In the present study, we successfully used the piMIPs method to obtain high-quality single crystals of a structure-unsolved flexible N-terminus of FMRPΔ, demonstrating the superior performance of cognate piMIPs in crystal growth for highly flexible proteins. Structure comparison of Tudor1 and Tudor2 domains reveals that the piMIPs method does not alter protein structures. FMRPΔ mainly exists as dimers in solution with several dimer species present (Fig. 6). The present study paves the way to further study the self-association property of this key protein.

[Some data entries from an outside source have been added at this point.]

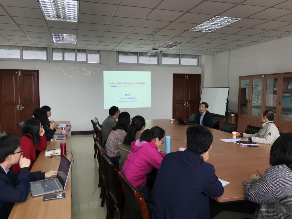 4月28日,应管理科学与工程学院邀请,东北大学工商管理学院副院长樊治平教授,在我校德济楼507会议室作了题为“基于在线评价/评论的管理决策问题研究”的学术讲座,讲座由管理科学与工程学院副院长黄健教授主持,管理科学与工程学院部分师生聆听了此次讲座。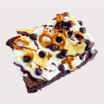 Brownie con crema pastelera, pretzels, hojuelas de papas fritas, chispas de chocolate y hershey´s líquido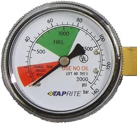 The Taprite Economy CO2 Primary Beer Regulator is designed to provide consistent and accurate pressure control for draft beer, wine, and soda systems. Built on Taprite's Economy Regulator Body, this regulator features dual high-pressure gauges to monitor both CO2 tank pressure (2000 lb.) and outlet pressure (60 lb.), ensuring smooth dispensing and reliable performance.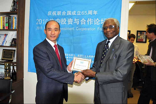 联合国友好协会主席布朗先生在纽约联合国总部会见会见中国武术协会特邀副主席、国际功夫联合会主席、全球金融集团总裁傅彪先生,并向傅彪颁发“联合国友好使者”证书。 |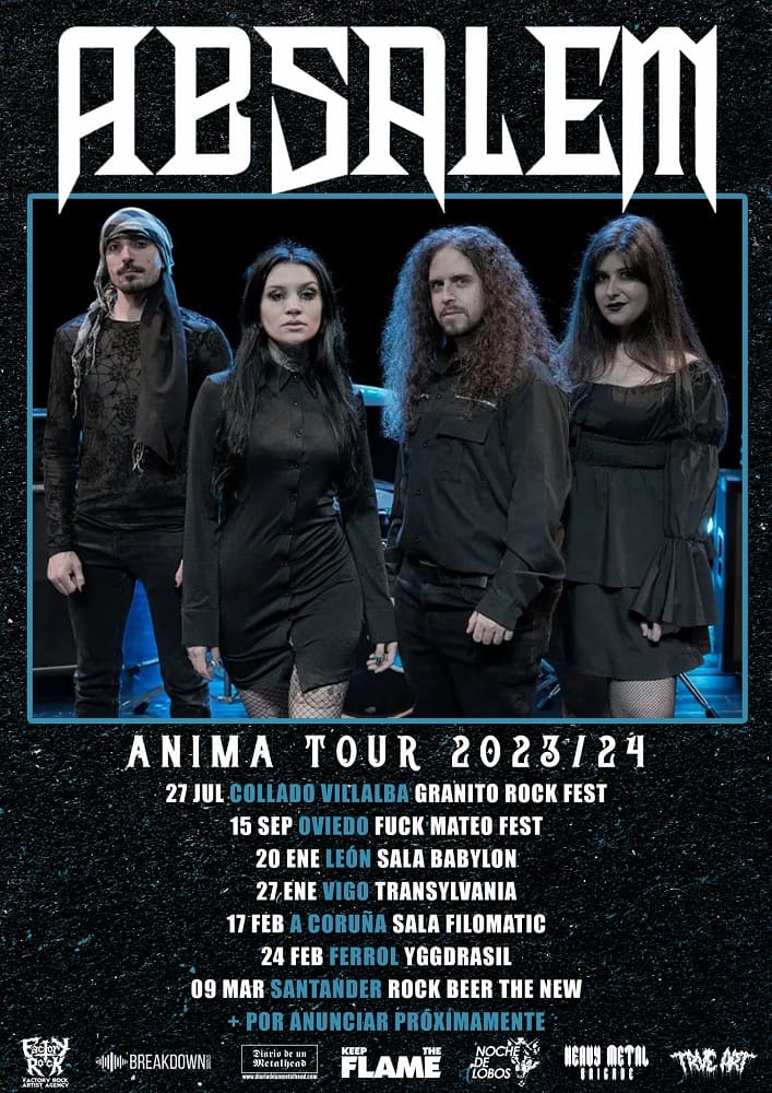 Los astur-salmantinos Absalem arrancan 2024 continuando con las presentación de su último EP "Ánima". León, Salamanca y Vigo son las ciudades que recibirán este mes de enero a la banda y disfrutarán de su EP conceptual de cuatro temas grabado en Breakdown Studios.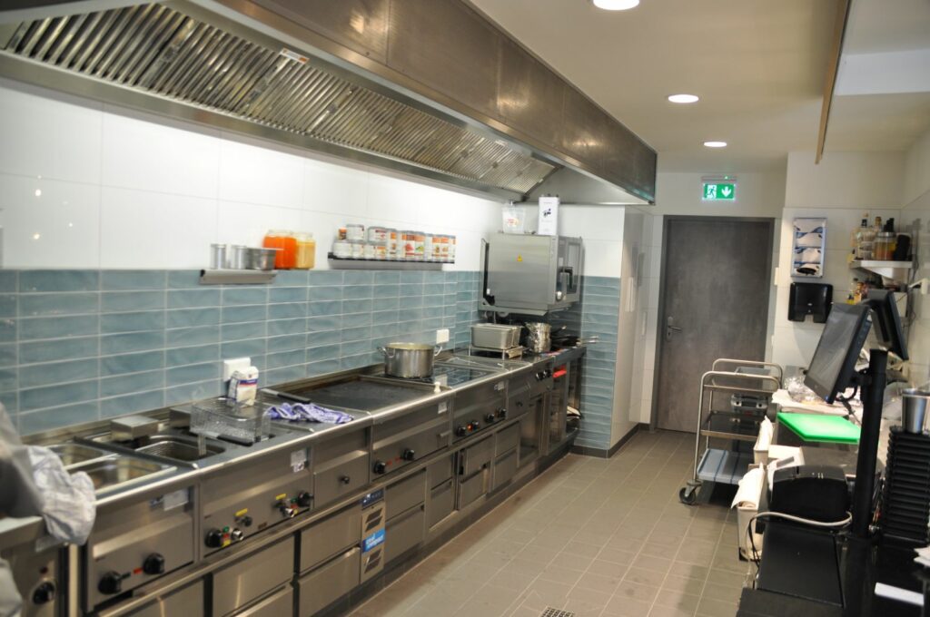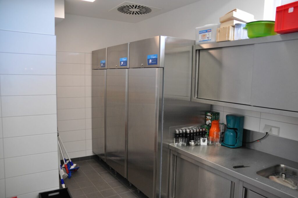 Im Spülbereich sorgen Winterhalter PT-M Spülmaschinen in Standard- und Energy-Ausführung für einen reibungslosen Ablauf. Die Kältetechnik stammt von CoolCompact: zentralgekühlte Kühlschränke, Tiefkühlschränke, Kühltische, ein Schockfroster sowie ein Konfiskatkühler sorgen für durchgehend sichere Lagerung.

Interestingly, an intermolecular disulfide bond between the Tudor2 domains of two FMRPΔ monomers was found in the crystal structure (Fig. 3a), and the existence of the disulfide bond in solution and the effect of C99S mutation on FMRP were confirmed by SAXS, gel filtration and analytical ultracentrifugation (Fig. 5a,b). The FMRP protein is mainly expressed in the cytoplasm and plays a role in the transport of mRNA from the nucleus to the cytoplasm30,31. In general, cytoplasmic proteins do not contain disulfide bonds. However, protein disulfide bond formation in the cytoplasm was observed during oxidative stress32. Interestingly, FMRP is identified as a chromatin-binding protein that functions in the DNA damage response33 and oxidative DNA damage is an inevitable consequence of cellular metabolism34. Thus, dynamic regulation of FMRP disulfide bond formation may be involved in the oxidative DNA damage response. Moreover, disulfide bonds play important roles in the regulation of protein function and cellular stress responses, such as karyopherin-dependent nuclear transport35. Thus, our finding provides initial evidence that disulfide bonds may play a role in FMRP oligomerization and function.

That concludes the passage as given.